• Task instructions:
Each entry should be duplicated verbatim; its pictures should not be.

Saved entries:
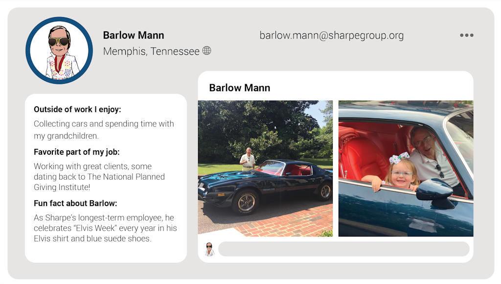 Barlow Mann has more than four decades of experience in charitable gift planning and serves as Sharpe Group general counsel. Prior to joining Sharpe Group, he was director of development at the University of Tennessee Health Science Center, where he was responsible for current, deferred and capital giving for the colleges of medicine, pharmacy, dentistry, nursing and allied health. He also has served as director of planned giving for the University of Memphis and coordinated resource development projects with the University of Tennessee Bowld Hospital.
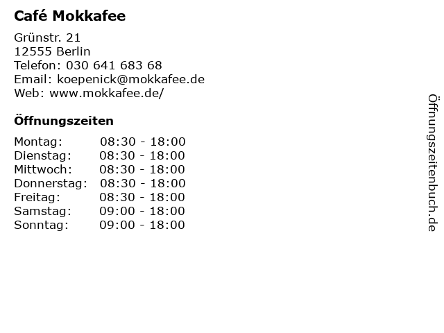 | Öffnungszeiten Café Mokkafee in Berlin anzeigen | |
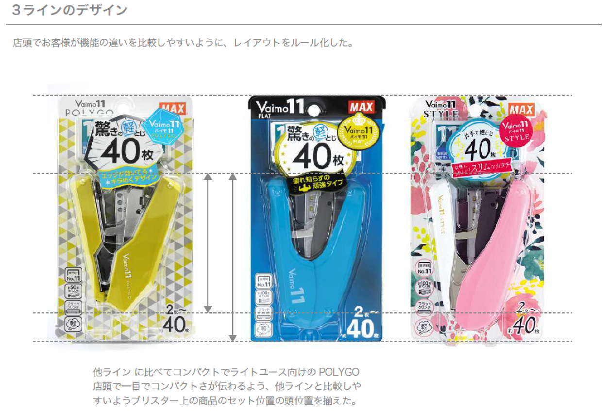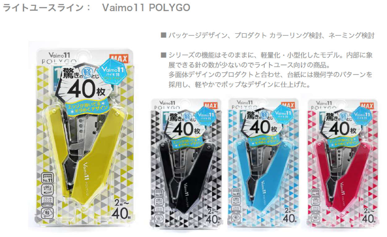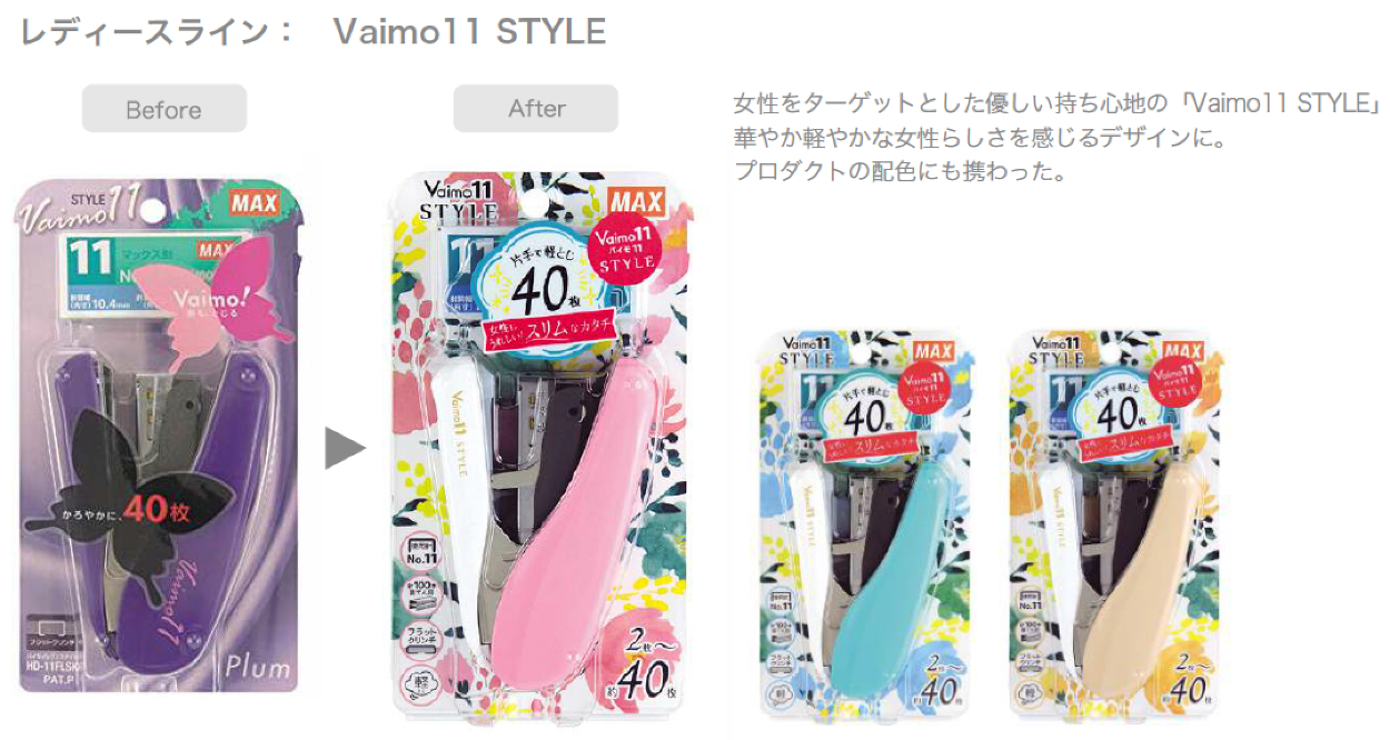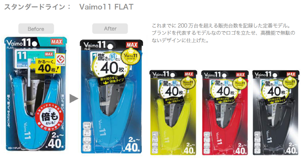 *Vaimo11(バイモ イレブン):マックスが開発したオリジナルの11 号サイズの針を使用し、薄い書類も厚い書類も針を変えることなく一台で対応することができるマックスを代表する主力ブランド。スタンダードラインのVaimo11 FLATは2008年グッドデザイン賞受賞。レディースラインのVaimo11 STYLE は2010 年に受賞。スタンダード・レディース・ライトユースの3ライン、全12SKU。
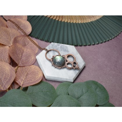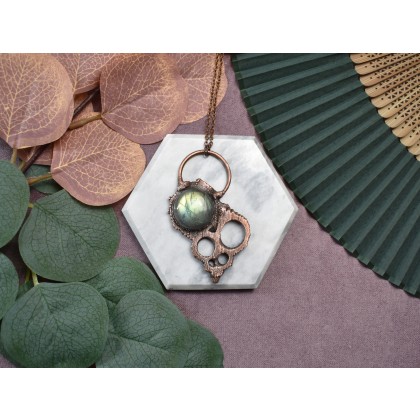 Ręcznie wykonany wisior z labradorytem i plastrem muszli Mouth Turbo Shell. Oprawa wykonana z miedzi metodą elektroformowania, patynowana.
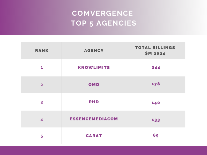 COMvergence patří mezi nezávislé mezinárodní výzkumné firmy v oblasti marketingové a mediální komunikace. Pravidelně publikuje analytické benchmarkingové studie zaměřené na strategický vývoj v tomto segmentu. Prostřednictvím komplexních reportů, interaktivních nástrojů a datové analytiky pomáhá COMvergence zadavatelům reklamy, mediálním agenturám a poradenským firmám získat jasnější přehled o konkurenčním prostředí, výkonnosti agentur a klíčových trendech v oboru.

• Exercise solution:
 Barlow Mann has more than four decades of experience in charitable gift planning and serves as Sharpe Group general counsel. Prior to joining Sharpe Group, he was director of development at the University of Tennessee Health Science Center, where he was responsible for current, deferred and capital giving for the colleges of medicine, pharmacy, dentistry, nursing and allied health. He also has served as director of planned giving for the University of Memphis and coordinated resource development projects with the University of Tennessee Bowld Hospital.
 | Öffnungszeiten Café Mokkafee in Berlin anzeigen | |
 *Vaimo11(バイモ イレブン):マックスが開発したオリジナルの11 号サイズの針を使用し、薄い書類も厚い書類も針を変えることなく一台で対応することができるマックスを代表する主力ブランド。スタンダードラインのVaimo11 FLATは2008年グッドデザイン賞受賞。レディースラインのVaimo11 STYLE は2010 年に受賞。スタンダード・レディース・ライトユースの3ライン、全12SKU。
 Ręcznie wykonany wisior z labradorytem i plastrem muszli Mouth Turbo Shell. Oprawa wykonana z miedzi metodą elektroformowania, patynowana.
 COMvergence patří mezi nezávislé mezinárodní výzkumné firmy v oblasti marketingové a mediální komunikace. Pravidelně publikuje analytické benchmarkingové studie zaměřené na strategický vývoj v tomto segmentu. Prostřednictvím komplexních reportů, interaktivních nástrojů a datové analytiky pomáhá COMvergence zadavatelům reklamy, mediálním agenturám a poradenským firmám získat jasnější přehled o konkurenčním prostředí, výkonnosti agentur a klíčových trendech v oboru.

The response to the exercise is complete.